Since the nuclear charge and ligand field strength are the same in both cases, I rationalised that the larger ion (Pt) would have a smaller split because its d-orbitals are too large to overlap effectively with the small Ligand orbitals. But the answer keys shows Pd as a weaker splitter. Could anyone explain why that is? Is it still due to size or some other property?

[jdy07]

Actually, the larger polarization of the Pt²⁺ allows for better overlap with the ligand orbitals. This stabilizes (lowers the energy) the M-L bonding orbital, thereby, increasing the d-d transition energy.

[vogelfänger]

Thank you for your reply. Can you explain what you mean by polarisation in this context?

[Schrödinger]

According to wiki, the Pt is smaller than Pd (and I believe the same holds with Pt²⁺ and Pd²⁺ as well). Hence, the charge density on Pt²⁺ is greater than that on Pd²⁺. This means that the Pt²⁺cation is more polarized than Pd²⁺. That is, more charge sitting on a smaller sphere. Hence, it has greater ability to overlap with the ligand orbitals. (Fajan's rule that connects covalency/ability to overlap and polarization of the ion)
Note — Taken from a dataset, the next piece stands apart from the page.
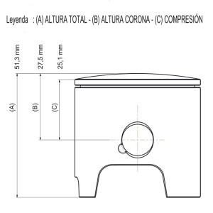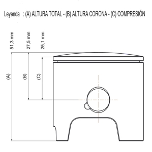 Pistón Ø 52 con bulón Ø 13 y 1 segmento rectangular selección AA

I hope my reason is justified. Please correct me if I am wrong.

[jdy07]

Sorry about the late reply, I haven't been on the site for a couple of weeks. Polarizability is basically how diffuse the valence electrons are. A way to visualize this is that the d-orbitals are "larger" and therefore can overlap better with the ligand orbitals. The valence electrons are more diffuse in Pt(II) vs. Pd(II) because there is a whole entire extra shell of electrons between Pd and Pt (row 5 vs. row 6). This means the valence electrons in Pt(II) are more shielded from the positively charged nucleus, and therefore, the d-orbitals are more diffuse. Let me know if you need further clarification.